The Trump administration has announced that it will significantly expand access to so-called catastrophic health insurance plans, which are policies with comparatively low monthly premiums but deductibles so high they often leave families effectively uninsured until a medical crisis strikes. CMS described the move as giving Americans “flexibility” and improving access to “affordable healthcare coverage.” But what I call them are “junk plans”.
Back in October, I warned that these plans (often called short-term, limited-duration insurance plans, or STLDIs) were poised for a comeback as enhanced Affordable Care Act subsidies expired and millions of Americans faced sharp premium increases. Well, now these plans are, in fact, a reality.

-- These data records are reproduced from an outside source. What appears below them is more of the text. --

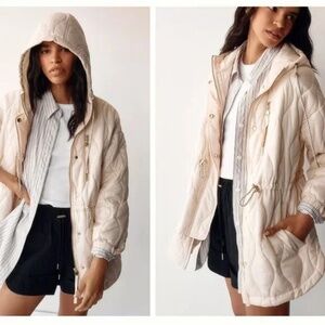 $280 Unworn Varley Caitlin Quilted Hooded Jacket in Whitecap Grey
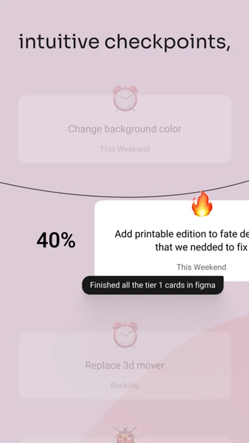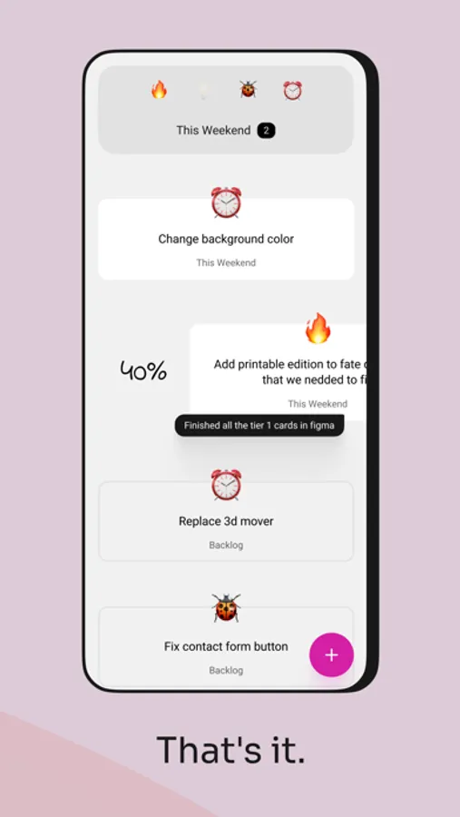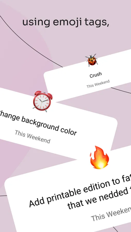 Starting a side project without weekend? Why? weekend is the better-chances way to push your side project, using emoji tags (based on your own associations, instead of tedious words and colors), intuitive checkpoints (eyeball a % and leave a note, so you can remember where you took off last time you worked on a task), and flat editing (to make everything super clear with no hidden features).
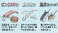 • 解説: 水温が上がり活性が高まると、動物性タンパク質を求めて小エビやゴカイ類をどん欲に食べます。
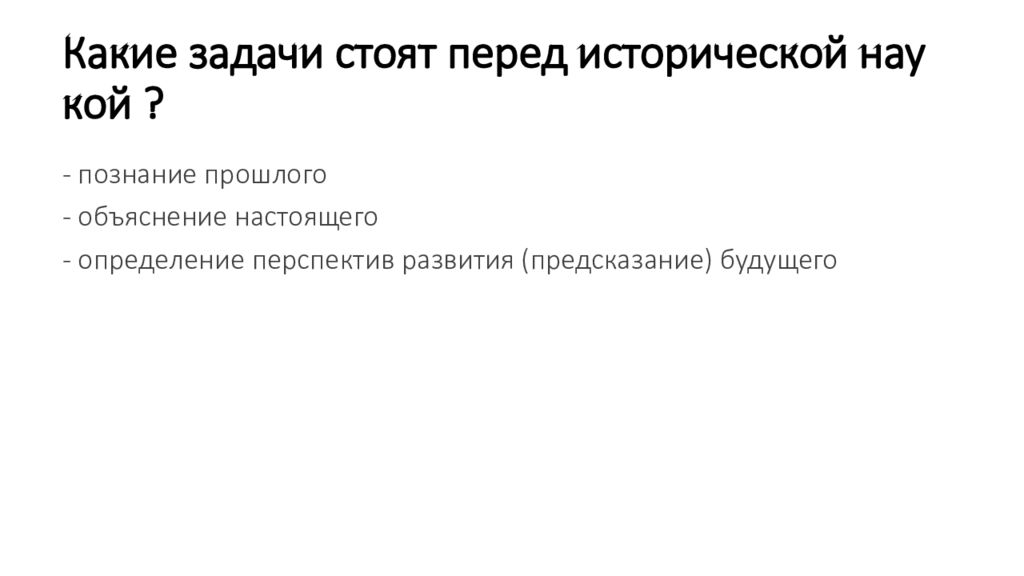 - познание прошлого - объяснение настоящего - определение перспектив развития ( предсказание ) будущего
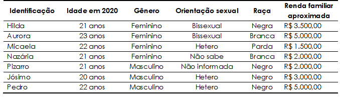 Nossas reflexões são resultado de síntese e informações coletadas em 13 escolas ocupadas em Goiânia, 05 em Aparecida de Goiânia, 10 em Anápolis, 01 na cidade de Goiás e 01 em São Luís dos Montes Belos. A partir deste mapeamento, a equipe de pesquisadores, envolvendo alunos em iniciação científica e voluntários[1], realizou 07 entrevistas, elaboradas a partir do roteiro produzido para a pesquisa nacional[2], com as e os ocupas da cidade de Goiânia, 04 mulheres e 03 homens, conforme quadro abaixo.

The Affordable Care Act outlawed most of these junk-style plans because the law requires insurers to cover health care services people need, including prescription drugs, hospitalization, mental health care and maternity care. The ACA also forced insurers to spend most premium dollars on medical care instead of executive compensation, advertising and shareholder returns.
But the ACA never fully solved the deeper affordability crisis in American health care. Premiums have steadily become much too high. Deductibles and other out-of-pocket requirements have put care out of reach for millions as insurers have continued to shift more costs onto patients while simultaneously becoming larger, more powerful and more profitable. The shortcomings of the ACA and the decisions by the President and congressional Republicans have created the perfect opening for catastrophic plans to return.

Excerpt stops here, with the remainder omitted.